> **GIVEN INFORMATION**:

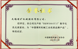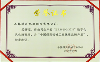 中國煤炭機(jī)械工業(yè)優(yōu)質(zhì)品牌產(chǎn)品
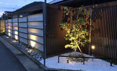 木目調の部材を縦格子やフレームに使用し、Gスクリーンを組み合わせることでモダンな雰囲気に仕上がっています。ライトアップするとフェンスとスクリーン越しに明かりが見えて、非常に幻想的な雰囲気に。縦格子フェンスからは適度に外が見えるので、視線を遮りつつも、安全性に配慮したフェンスです。
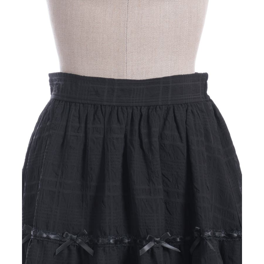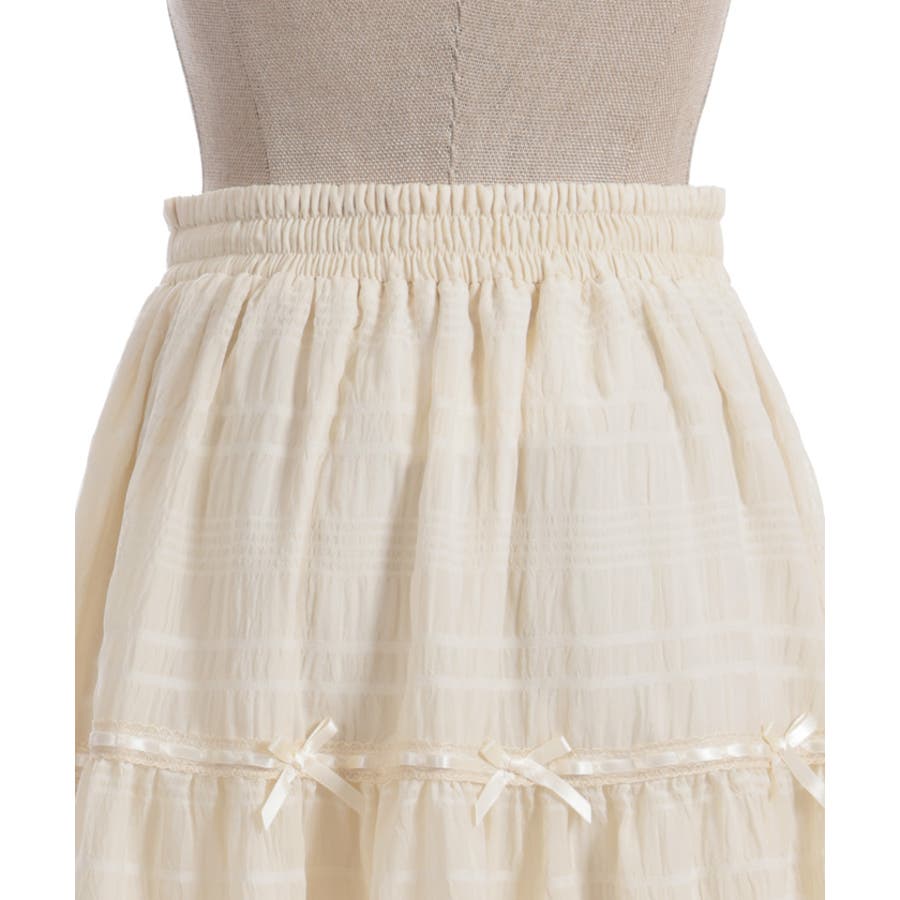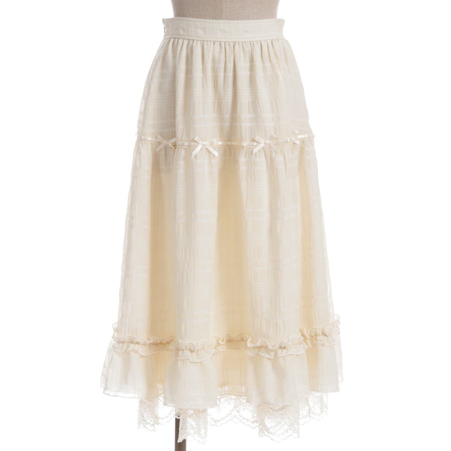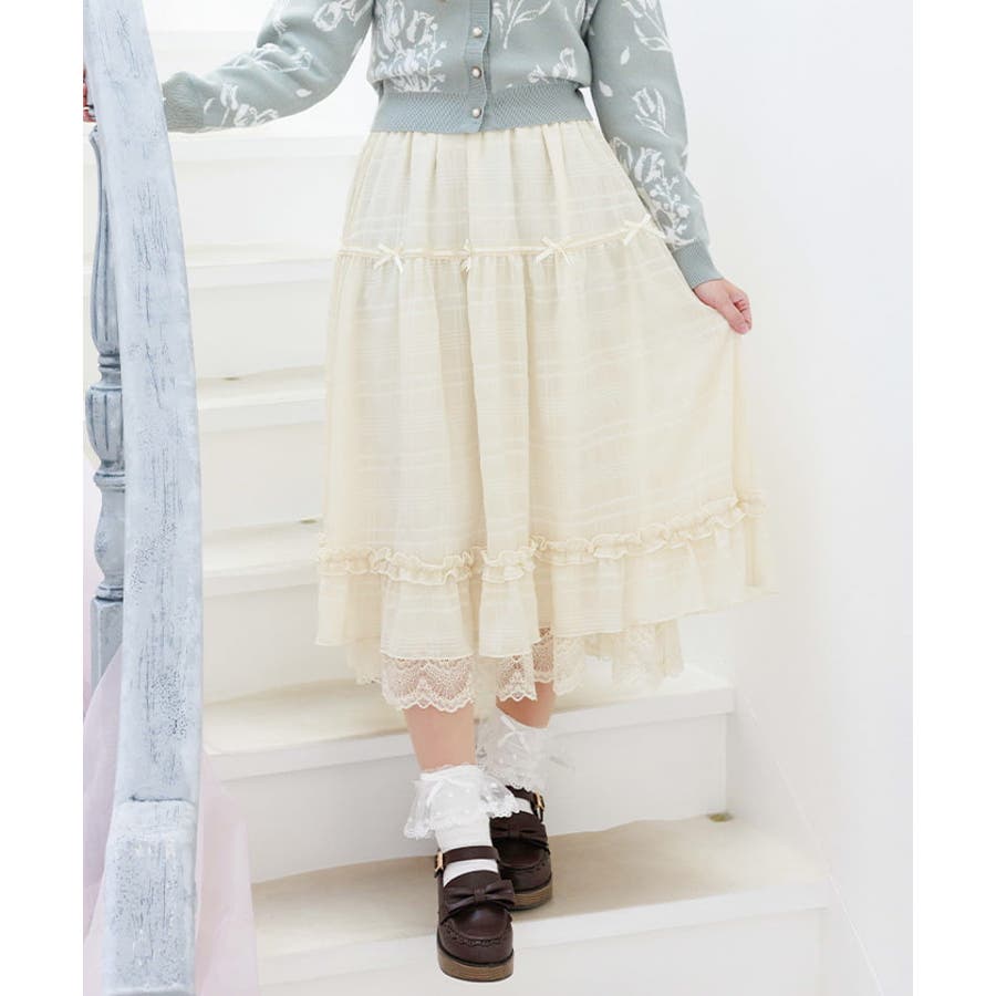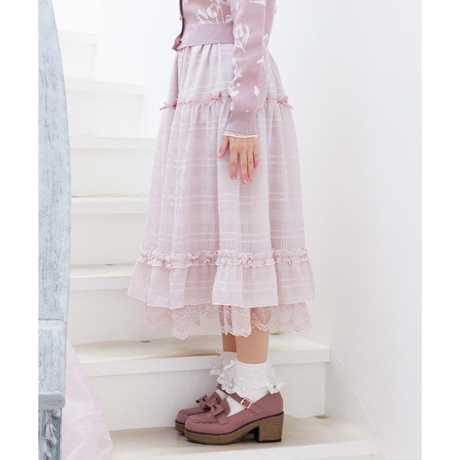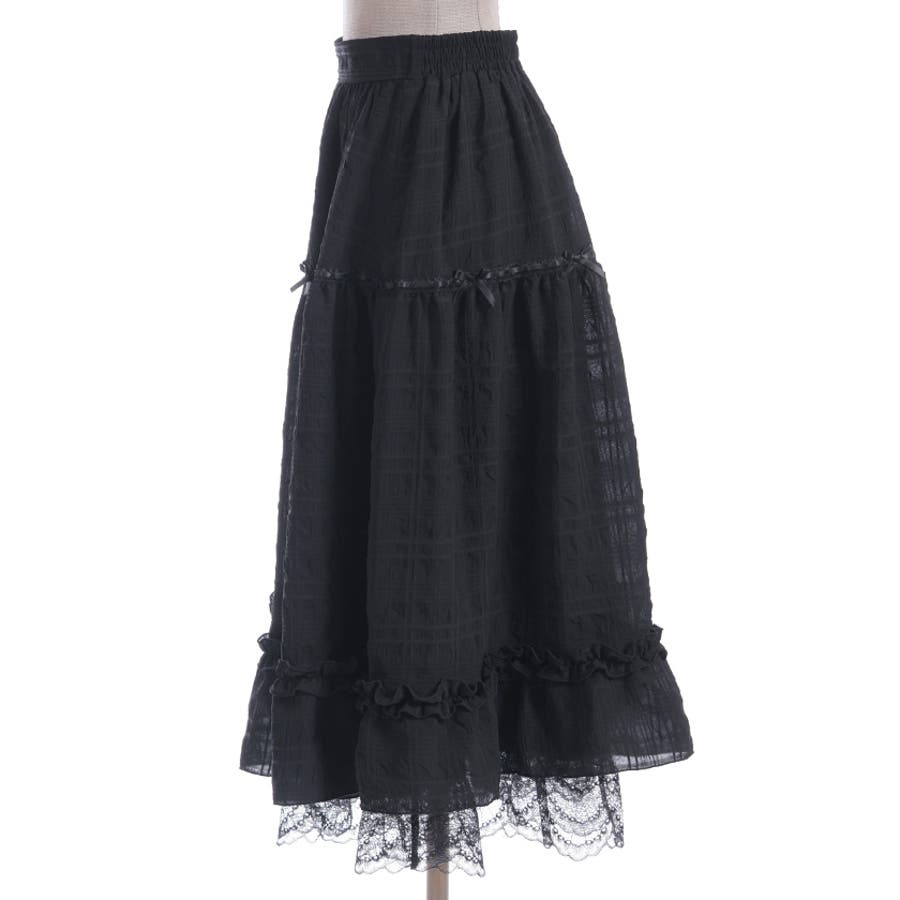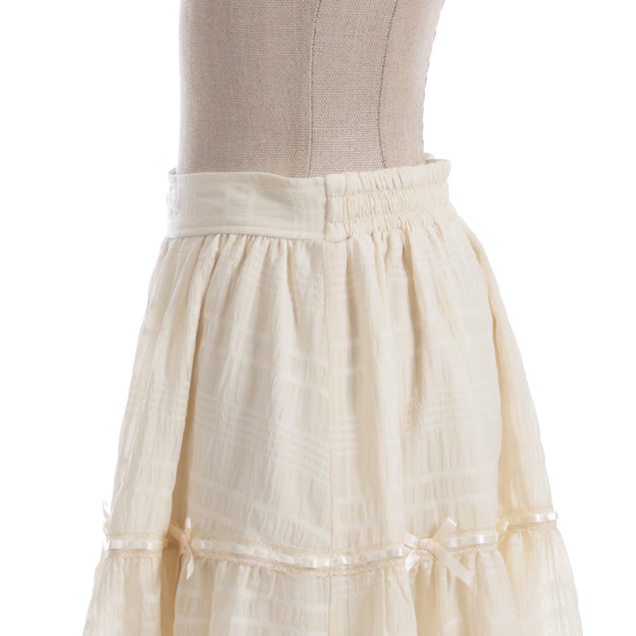 シアーチェックの生地で軽やかに仕上げたガーリーなスカートです。

> **TASK INSTRUCTIONS**: The lines to be extracted begin at the line containing "木目調の部材を縦格子やフレー" and continue through the final line of the material above, both ends included. Reproduce them exactly, without the pictures.

> **RESPONSE BELOW**:
 木目調の部材を縦格子やフレームに使用し、Gスクリーンを組み合わせることでモダンな雰囲気に仕上がっています。ライトアップするとフェンスとスクリーン越しに明かりが見えて、非常に幻想的な雰囲気に。縦格子フェンスからは適度に外が見えるので、視線を遮りつつも、安全性に配慮したフェンスです。
 シアーチェックの生地で軽やかに仕上げたガーリーなスカートです。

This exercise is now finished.